TAMPA, Fla. — Nearly 70 protesters arrested earlier this month won’t be prosecuted after the State Attorney’s Office decided not to file charges.
On the night of June 2, Tampa Police arrested 67 protesters in the downtown area for unlawful assembly. Protests have happened across the Tampa Bay area in the wake of George Floyd's death. Hillsborough State Attorney Andrew Warren said in a press conference Monday his office will not file charges against those 67 people.
“In each of those 67 arrests, the evidence shows that the person arrested was peacefully protesting,” said Warren. “There was no violence, there was no vandalism, there was no attack on a law enforcement officer.”
Warren's office said those cases did not meet the standard for "unlawful assembly" under Florida law, based on the office's review. His office is also reviewing about 200 arrests, including those 67 in connection to protests that started May 30.
“In these unlawful assembly arrests, there’s no value in filing charges,” said Warren. “Prosecuting people for exercising their First Amendment rights doesn’t solve problems, it creates them by weakening the bonds that exist between law enforcement in our community and by undermining people’s faith in our system.”
Warren said he planned to meet with faith leaders privately Monday evening, along with other officials.
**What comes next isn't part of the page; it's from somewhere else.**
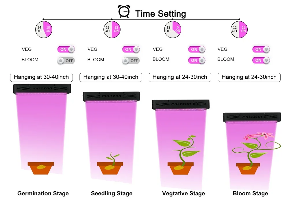 Растения нуждаются в различном количестве светильник на различных этапах цикла роста. Вы можете контролировать интенсивность, изменяя высоту светодиодов над растениями.

Faith leaders said the meeting was to have a conversation on creating a community that’s fair and just for everyone.
Religious leaders also reminded that this move is just a one-mile marker on a long journey.
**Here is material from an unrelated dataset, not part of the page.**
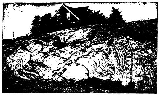 Granites d’Algoman. — Presque toutes les formations sudburiennes sont intrudées, déformées et métamorphisées par des granites nommés Algoman par Lawson. Ils ressemblent tellement aux granites laurentiens qu’il est souvent très difficile de distinguer les deux ensembles d’intrusions profondes. En fait, les plus récents n’ont été identifiés que dans quelques localités et tous étaient autrefois appelés laurentiens. Les deux types d’intrusions ont formé des montagnes bathylithiques.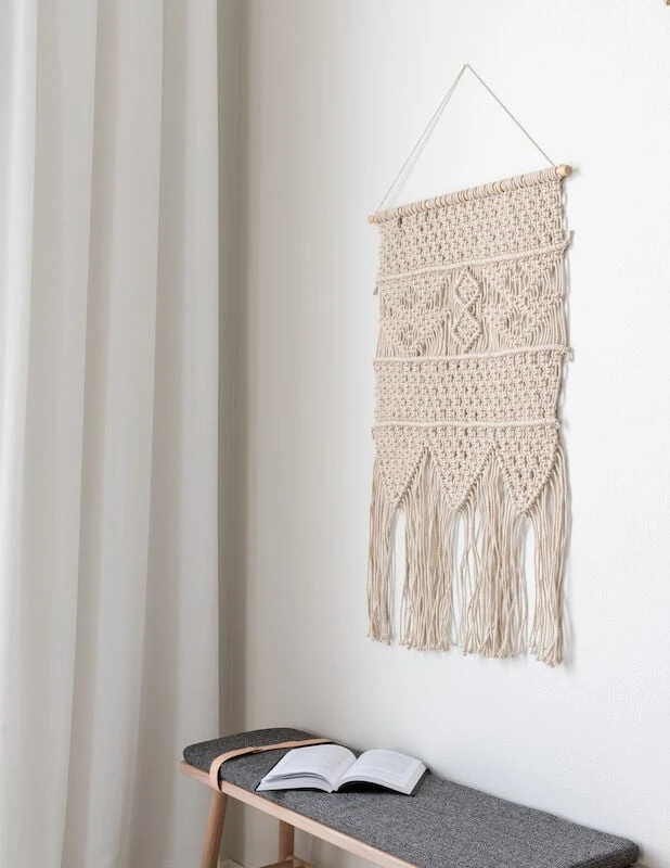 Kaunis luonnonvalkoinen Makrame-seinävaate. Ripusta koristeeksi sängyn päätyyn tai katseenvangitsijaksi kodin paraatipaikalle. Sopii monenlaiseen sisustukseen.

“We need to be able to not only make some hard decisions but have some hard conversations,” said Rev. Christopher Harris. “Platitudes, political statements, and divisive statements are no longer going to work. We need reconciliation, we need repentance, we need individuals to come together in order to have real, real solutions.”
Warren also said they will work with law enforcement to expunge the arrests from records of those 67 people. The State Attorney did have a message for any potential bad actors.
“While we have no intention of prosecuting people who are peacefully protesting, we will not tolerate people looking to exploit this moment,” said Warren. “There’s no place for violence or destruction that creates a risk to the citizens of our community including law enforcement.”
Tampa Police Chief Brian Dugan released this statement on the State Attorney’s announcement:
“I have said from the beginning that we support the right for peaceful protesters to have their voices heard. The State Attorney has decided to not prosecute the 67 people who were arrested on the night of June 2nd. Although I understand the difficulty in prosecuting those arrested, they were given two warnings after blocking streets. Although taking over intersections can be peaceful, it is still illegal. The Tampa Police Department will continue to work to bring our department and the community together. We remain in solidarity with those who are using their 1st amendment right peacefully to speak on injustices.”